> _Task objective_: Output each of the entries exactly, skipping every picture they contain.
[[ Information given, beginning ]]
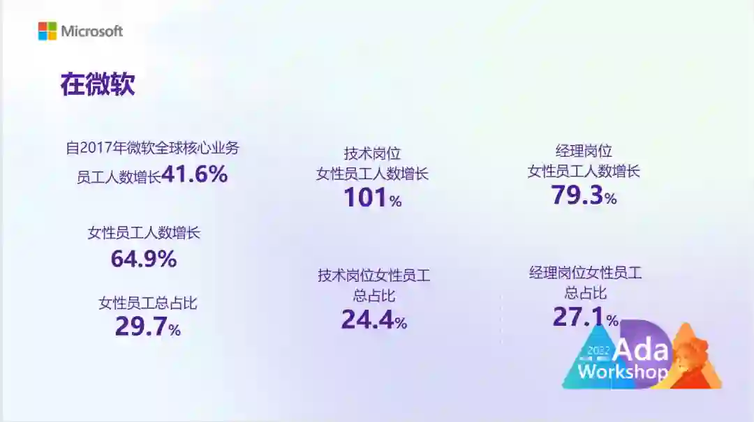 秉持着“予力全球每一人、每一组织,成就不凡”的使命,微软以多样的形式予力不同人生阶段的女性。我们关注高校女学生的成长,也为职场女性搭建更为多元与包容的环境,这些都在Ada Workshop 2022一一呈现。
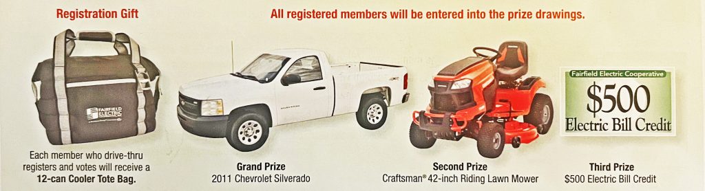 All registered members will be entered into the prize drawing which will be held at the end of the business meeting. Winners will be notified. The Grand Prize is a used 2011 Chevrolet Silverado; second prize is a Craftsman 42-inch Riding Lawn Mower; and the third prize is a $500 electric bill credit. Additional prizes will be awarded, including gift cards and electric bill credits.
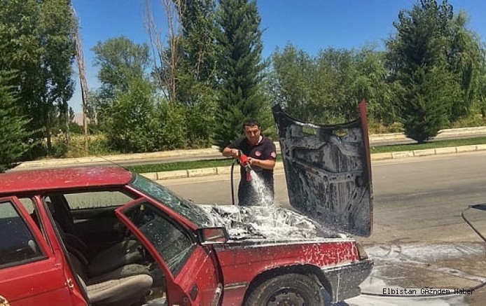 Elbistan’da Köprübaşı Mahallesi’nde bir otomobilin seyir halindeyken motor kısmında yangın çıktı. Yolculuk sırasında çıkan yangını daha fazla büyümeden itfaiye ekipleri söndürdü.
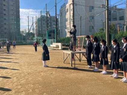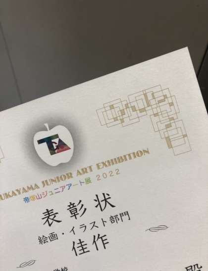 全校集会で美術部員がコンテストに入賞したので、表彰を行いました。
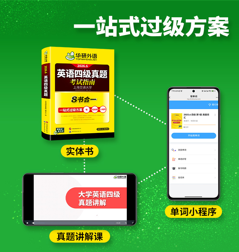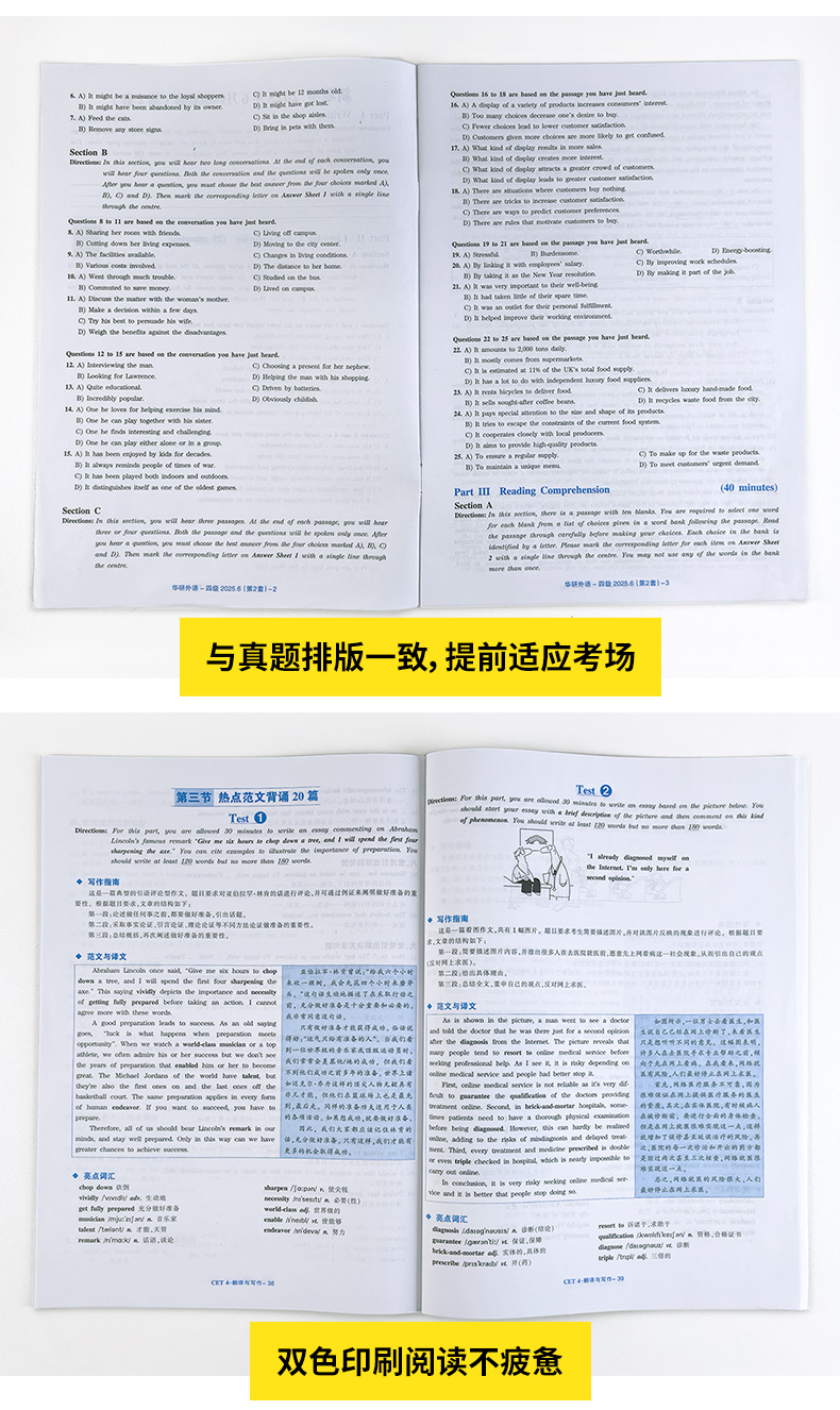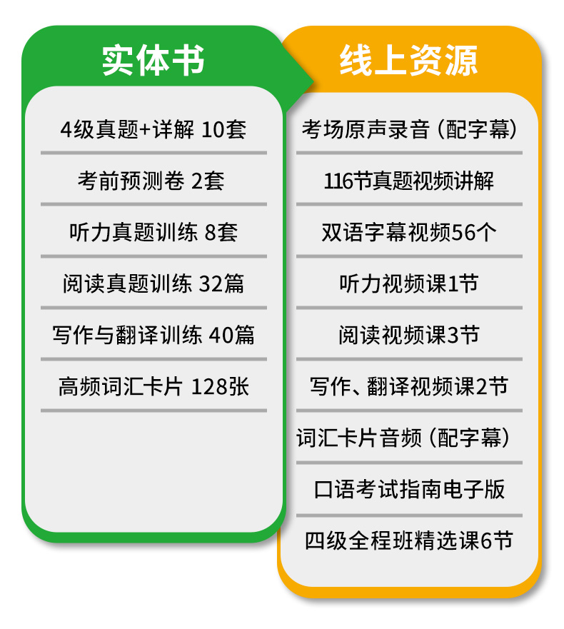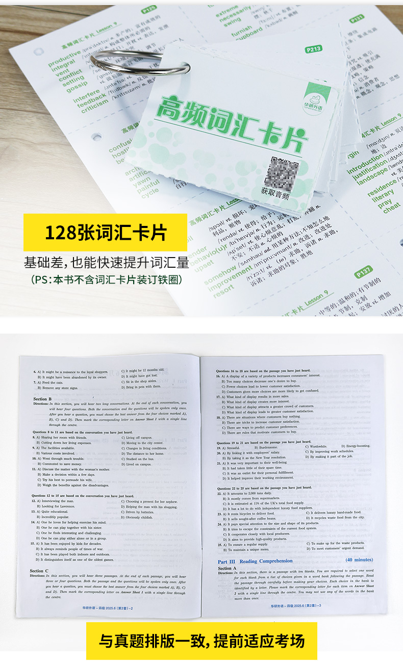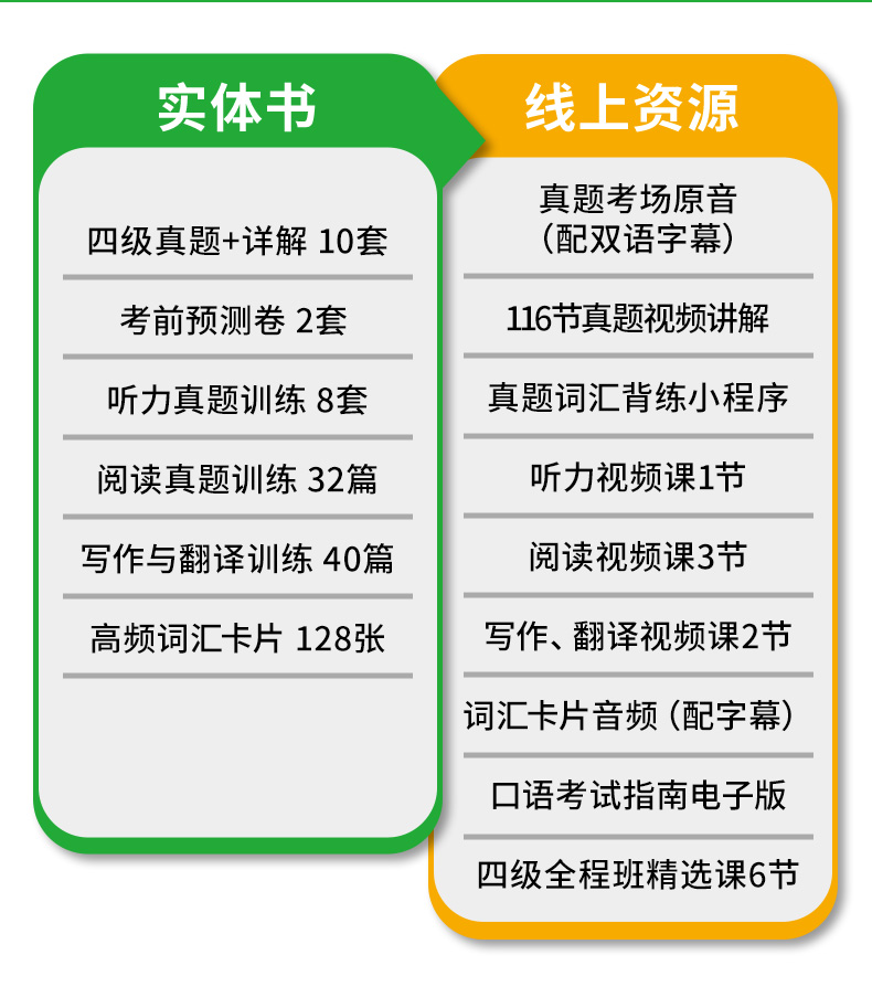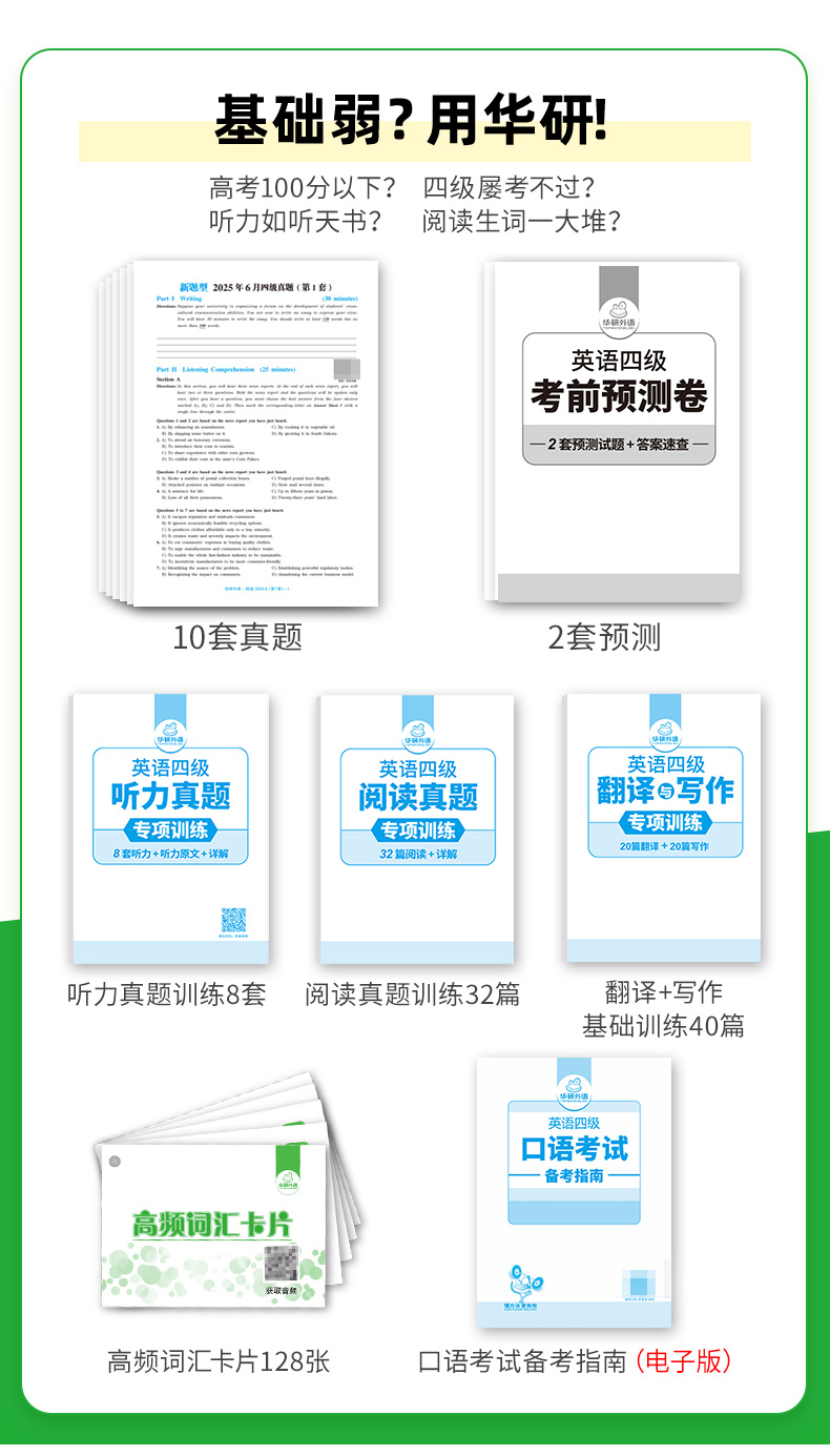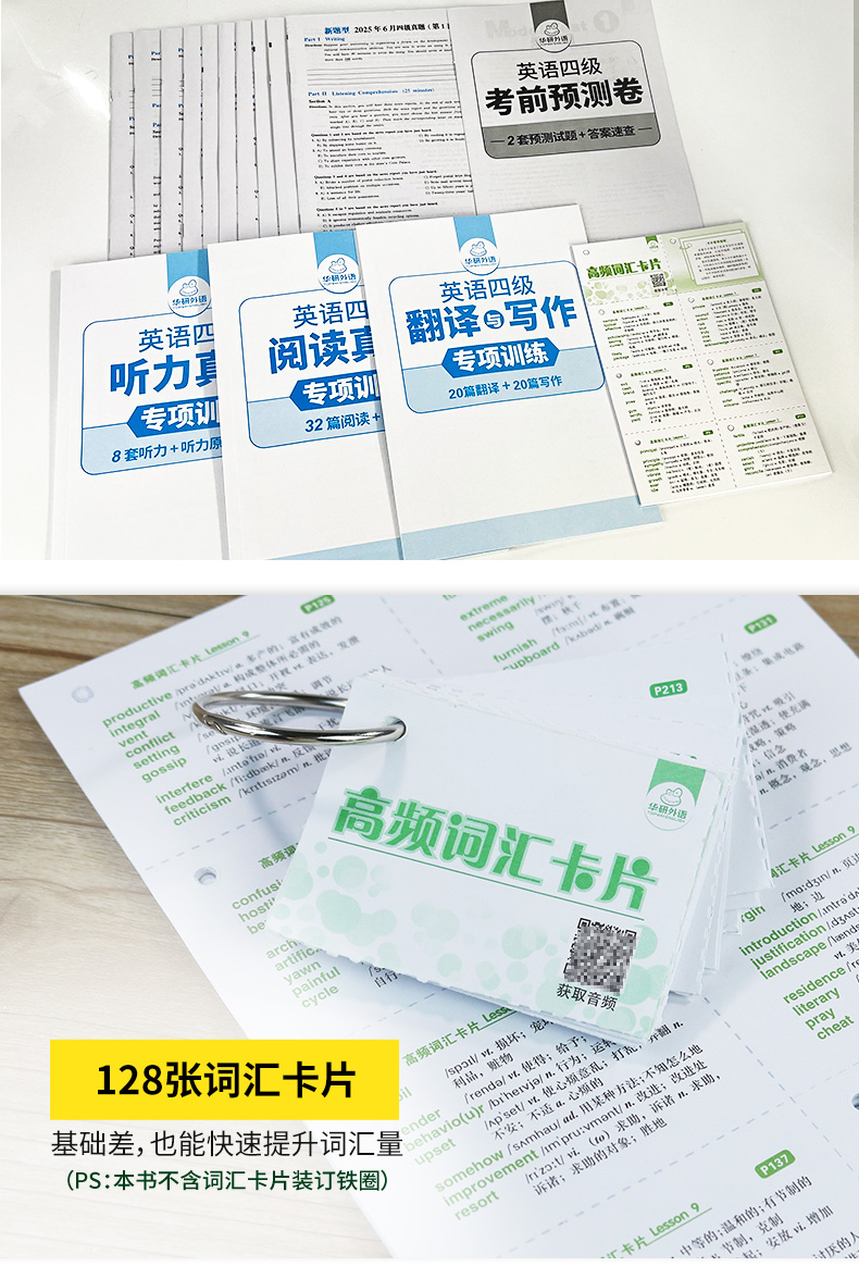 音频:英语四级真题试卷、预测试卷、词汇、四级口语样卷、听力真题专项训练分册(内文相应页码扫码获取)
[[ Information given, end ]]
> _Response below_:
 秉持着“予力全球每一人、每一组织,成就不凡”的使命,微软以多样的形式予力不同人生阶段的女性。我们关注高校女学生的成长,也为职场女性搭建更为多元与包容的环境,这些都在Ada Workshop 2022一一呈现。
 All registered members will be entered into the prize drawing which will be held at the end of the business meeting. Winners will be notified. The Grand Prize is a used 2011 Chevrolet Silverado; second prize is a Craftsman 42-inch Riding Lawn Mower; and the third prize is a $500 electric bill credit. Additional prizes will be awarded, including gift cards and electric bill credits.
 Elbistan’da Köprübaşı Mahallesi’nde bir otomobilin seyir halindeyken motor kısmında yangın çıktı. Yolculuk sırasında çıkan yangını daha fazla büyümeden itfaiye ekipleri söndürdü.
 全校集会で美術部員がコンテストに入賞したので、表彰を行いました。
 音频:英语四级真题试卷、预测试卷、词汇、四级口语样卷、听力真题专项训练分册(内文相应页码扫码获取)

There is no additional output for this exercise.